=== Work item ===
Using the listing below, retype exactly the lines starting at the one with "2025 wurde die" and ending at the one with "tyčový nástavec |", and include both.

=== Data section ===
----------

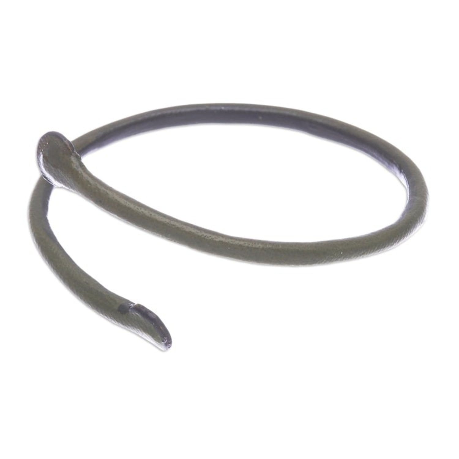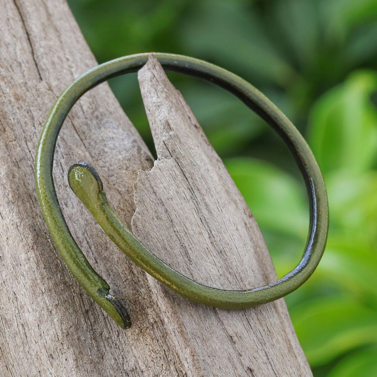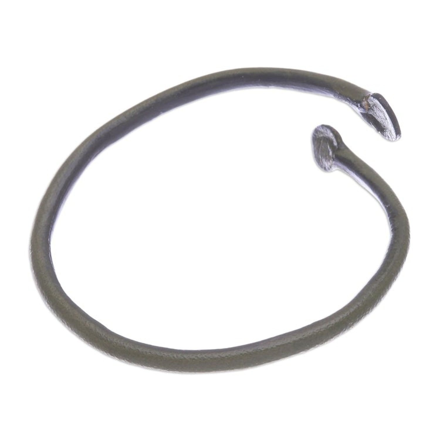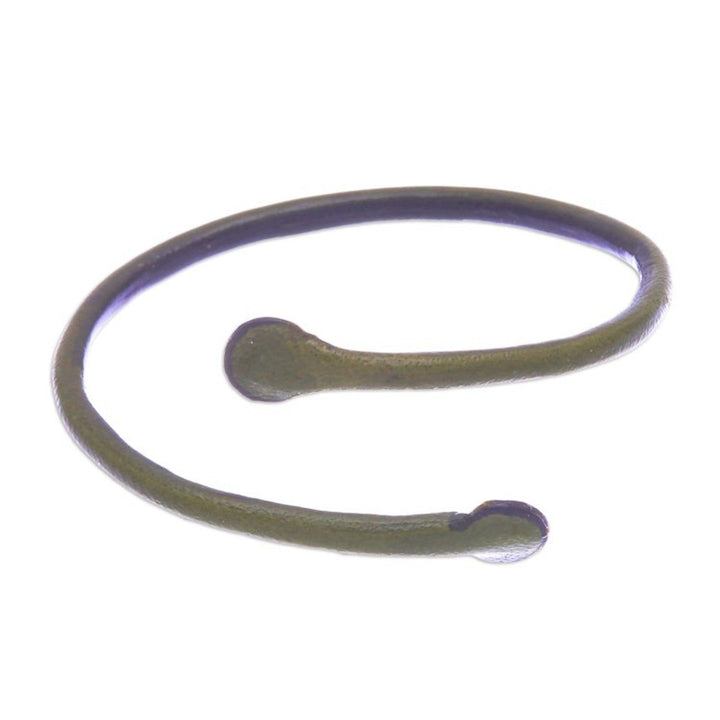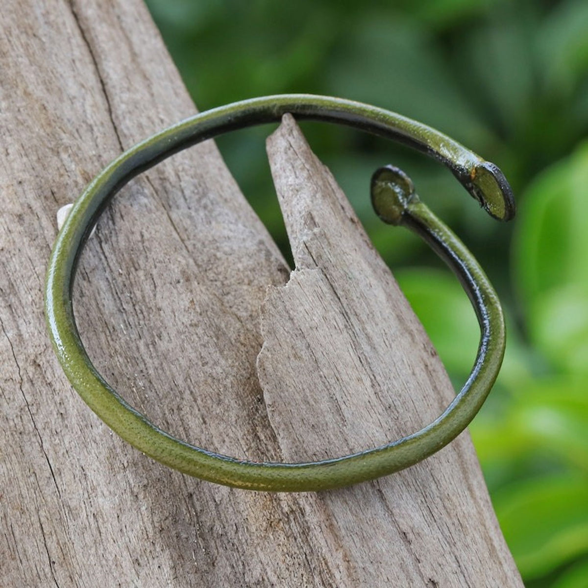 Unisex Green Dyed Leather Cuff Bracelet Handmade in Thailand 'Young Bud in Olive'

----------

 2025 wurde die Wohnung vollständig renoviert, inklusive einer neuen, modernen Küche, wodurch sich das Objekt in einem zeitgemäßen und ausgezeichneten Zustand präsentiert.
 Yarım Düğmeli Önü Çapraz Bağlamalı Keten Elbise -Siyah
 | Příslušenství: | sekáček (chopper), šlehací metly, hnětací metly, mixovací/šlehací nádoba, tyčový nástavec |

----------

=== Response to this task ===
 2025 wurde die Wohnung vollständig renoviert, inklusive einer neuen, modernen Küche, wodurch sich das Objekt in einem zeitgemäßen und ausgezeichneten Zustand präsentiert.
 Yarım Düğmeli Önü Çapraz Bağlamalı Keten Elbise -Siyah
 | Příslušenství: | sekáček (chopper), šlehací metly, hnětací metly, mixovací/šlehací nádoba, tyčový nástavec |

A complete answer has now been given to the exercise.